The consumer price index, a broad-based measure of the prices shoppers face for goods and services across the economy, increased 0.3% for the month, the Bureau of Labor Statistics reported. On a 12-month basis, that came out to 3.1%.
Economists surveyed by Dow Jones had been looking for a monthly increase of 0.2% and an annual gain of 2.9%.
Excluding volatile food and energy prices, so-called core CPI accelerated 0.4% in January and was up 3.9% from a year ago. The forecast had been for 0.3% and 3.7% respectively.
Shelter prices, which comprise about one-third of the CPI weighting, accounted for much of the increase. The index for that category rose 0.6% on the month, contributing more than two-thirds of the headline increase, the BLS said. On a 12-month basis, shelter increased 6%.
Food prices moved higher as well, up 0.4% on the month. Energy helped offset some of the increase, down 0.9% due largely to a 3.3% slide in gasoline prices.
Stock market futures slid sharply following the release. Futures tied to the Dow Jones Industrial Average were off more than 250 points and Treasury yields surged higher.

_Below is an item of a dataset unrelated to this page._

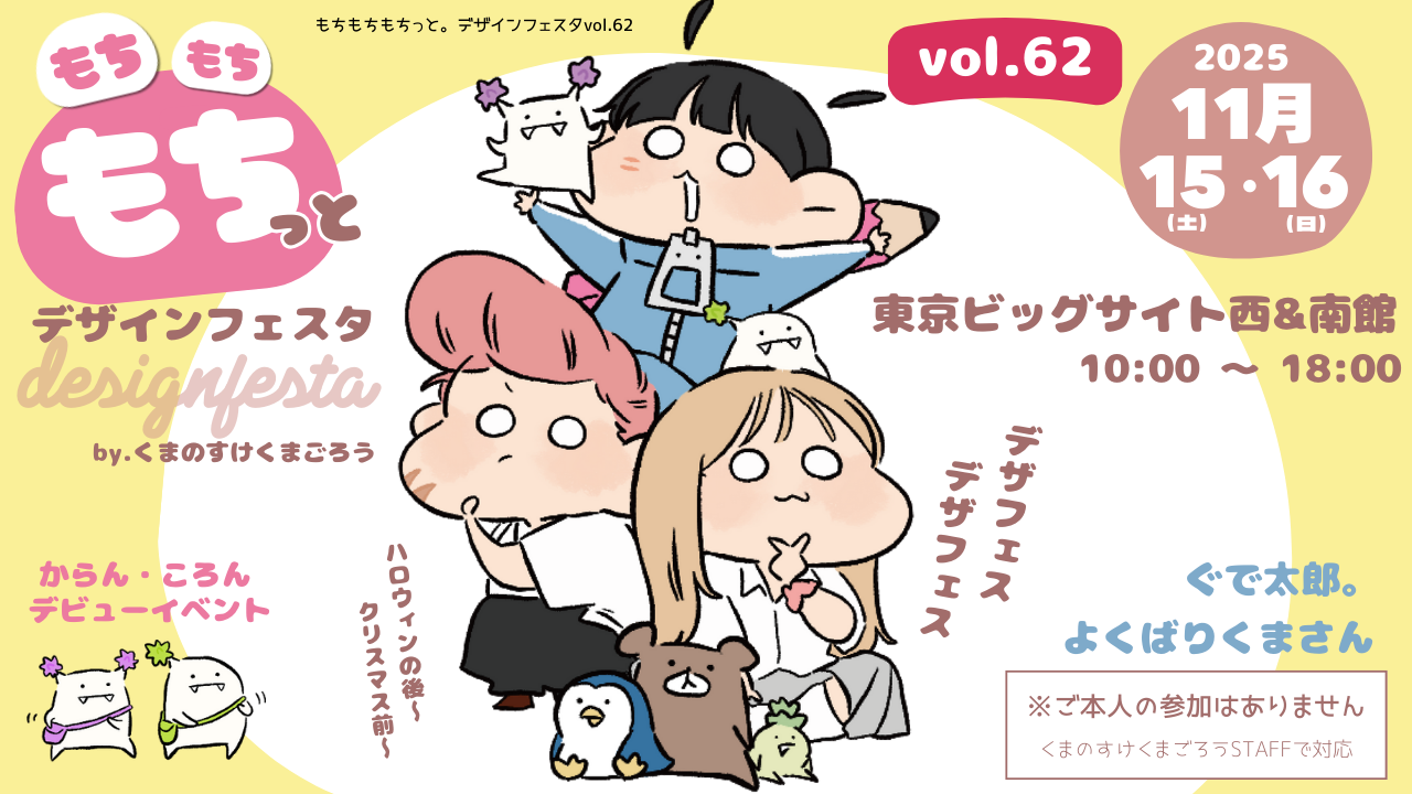 デザインフェスタvol.62 event&shop 2026.04.10 2025年11月15日(土)・16日(日) 10:00 〜 18:00 東京ビッグサイト 西&南館 くまのすけくまごろうさんのブースにて合同出店します

The release comes as Federal Reserve officials look to set the proper balance for monetary policy in 2024. Though financial markets have been looking for aggressive interest rate cuts, policymakers have been more cautious in their public statements, focusing on the need to let the data be their guide rather than preset expectations.
Fed officials expect inflation to recede back to their 2% annual target in large part because they think shelter prices will decelerate through the year. January’s increase could be problematic for a central bank looking to take its foot off the brake for monetary policy at its tightest in more than two decades.